Here is my answer - Note sum(x = y, z) is a replacement for capital sigma notation, where x is the lower bound of the summation initialised to y and z is the upper bound of the summation:
1. *change forumla:*
2. f(n) = 6^n.g(n)
3. => 6^n.g(n) = 6.6^(n-1) .g(n-1) -5
4. => g(n) = g(n-1)-5/6^n
5. => g(n) = sum(i=1, n)-5/6^i
6. => f(n) = 6^n.sum(i=1, n)-5/6^i
7. => *Evaluate the sum using geometric series forumla*
8. => sum(i = 1, n)-5/6^i = [sum(i = 1, n)a^i] -------> (a = -5/6)

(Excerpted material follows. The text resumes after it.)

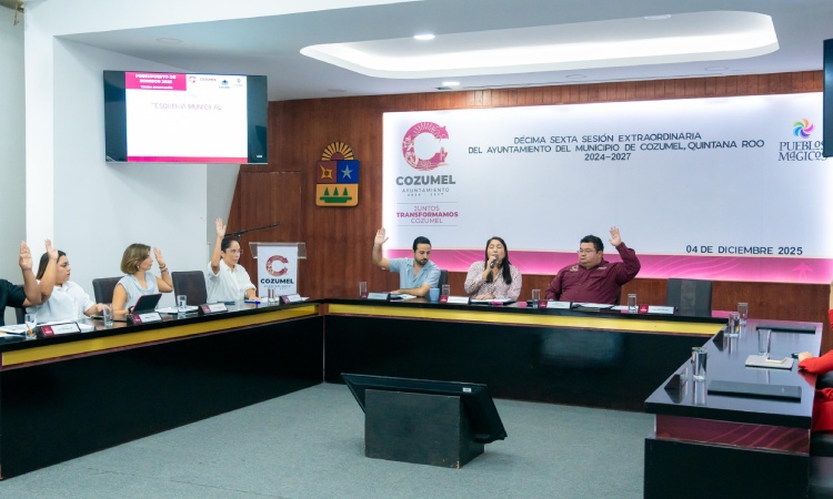 Cozumel, 04 de diciembre del 2025. – El Presidente Municipal, José Luis Chacón Méndez, encabezó la Décimo sexta sesión extraordinaria de Cabildo, en la que el cuerpo colegiado aprobó por unanimidad recursos destinados a equipar y modernizar el Centro de Acopio de Materiales Reciclables (CAMAR). Esta decisión permitirá que, por primera vez en su historia, Cozumel adopte el círculo virtuoso del reciclaje. Durante la misma sesión, también se designó el recinto oficial para la celebración del 176 Aniversario del Decreto de Creación del Pueblo de San Miguel de Cozumel, que tendrá lugar el próximo 10 de diciembre a las 9:00 de la mañana.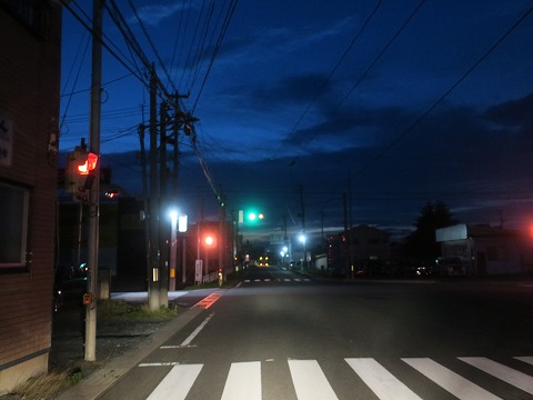 4:25 まだ暗い ホテルを出発して、三沢の市街地を抜けます。 空が明るくなり・・・・、始めてません。 デジカメで写すと少し空が明るくなって見えますが、肉眼だとまだ真っ暗です。 |

9. => *sub a = -5/6 into geometric forumla [a(1-a^n)/(1-a)]*
10. => [(-5/6(1 - (-5/6)^n))/(1-(-5/6))]
11. => g(n) = [(-5/6(1 + (5/6)^n))/(1+5/6)]

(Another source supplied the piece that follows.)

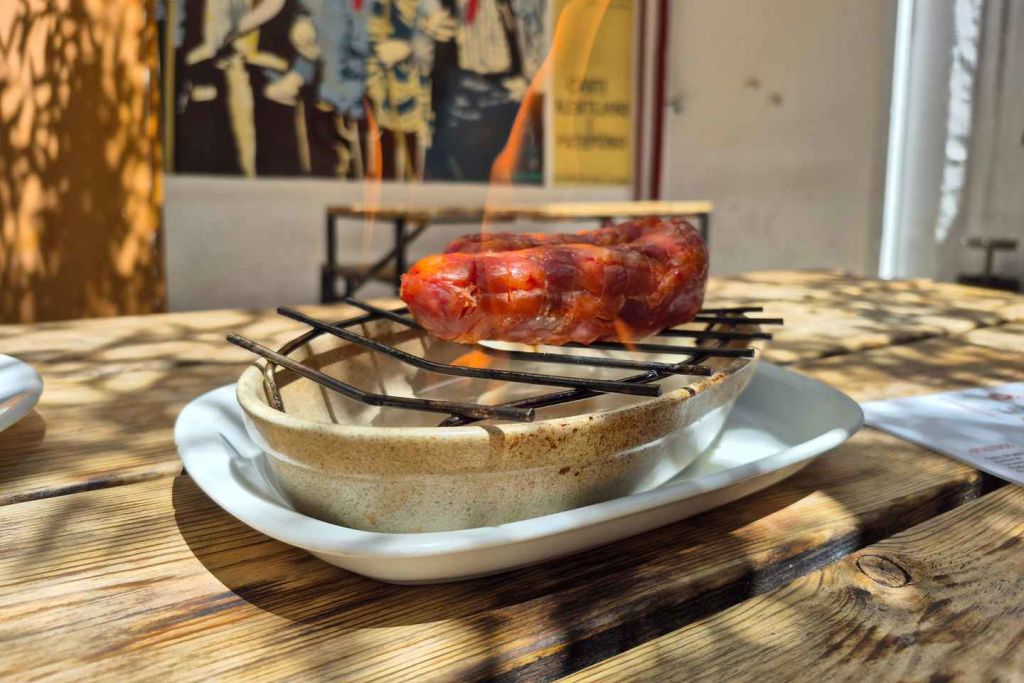 그다음에는 불에 구운 포르투갈 소시지인 '쇼리수 아사두'의 스모키하고 소박한 맛을 즐겨보세요. 강렬한 레드 와인 한 잔이 완벽한 짝을 이룹니다.

12. => f(n) = 6^n . g(n) = 6^n[(-5/6(1 + (5/6)^n))/(1+5/6)]
13. => *sub in n = 0 to see if f(0) = 2*
Firstly, I am sure the equation on line 11 can be simplified further and secondly subbing in n = 0 should yield 2 as the result. I cannot obtain this answer when reaching line 13...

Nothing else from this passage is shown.